However, they say that such gains may not felt immediately, as investors could be spooked by factors such as low corporate transparency.
The inclusion of some 234 A-share large-caps on indices such as the MSCI Emerging Markets Index (EMI) was announced in June last year. Fuller inclusion would see mid-caps counted, with Chinese shares earning higher index weightings.
Eli Lee, Bank of Singapore head of investment strategy, told The Business Times that Friday's additions "will be mostly symbolic, owing to the initially low inclusion factor, and is unlikely to have a significant impact on north-bound in-flows in the near term".
The MSCI inclusion is expected to put A-shares more prominently on the radar of foreign investors, including through index-linked funds.
Denominated in yuan and traded on the Shanghai and Shenzhen bourses, A-shares have faced historical curbs on offshore trade, which was left to Hong Kong-listed "H-shares".
Tuan Huynh, Asia-Pacific chief investment officer and wealth discretionary head at Deutsche Bank Wealth Management, said the move should trigger passive fund in-flows.
But he warned: "Given the recent volatility in both Chinese and international financial markets, we think the active fund in-flows into China could be limited at the initial stage."
Mr Huynh added that foreigners could be spurred to participate more actively in China equities, and that index inclusion "may help improve the corporate governance of Chinese companies in the long run" as well.
HSBC researchers agreed with this assessment in a Thursday report on environmental, social and governance (ESG) transparency. They wrote: "Almost all large-cap Chinese companies currently part of the EMI disclose some form of ESG information.

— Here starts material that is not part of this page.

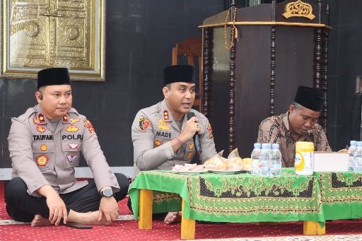 Acara tersebut dihadiri langsung oleh Kapolres Karangasem, AKBP I Made Santika, S.H., S.I.K., M.I.K., didampingi Wakapolres Kompol Taufan Rizaldi, S.I.K., S.H., Pejabat Utama (PJU), Pj. Ketua Bhayangkari Cabang Karangasem, serta personel muslim Polres Karangasem dan masyarakat sekitar.

However, information is not consistent nor uniform across constituents.
"The disclosure rate among new A-share inclusions is much lower, but likely to improve, in our view, as these companies gain more international exposure - from investors as well as overseas expansion."
Bryan Yeo, chief investment officer for public equities at Singapore sovereign wealth fund GIC, said in a statement provided to the media: "Institutional investor base in the A-share market will continue to rise as China's onshore equity market remains attractive to long-term investors.
"Many good businesses are listed in the A-share market and not on the H-share market, notably in the consumer, health-care and industrial sectors, which benefit the most from China's focus on high-quality development growth and strong growth in middle-income earners."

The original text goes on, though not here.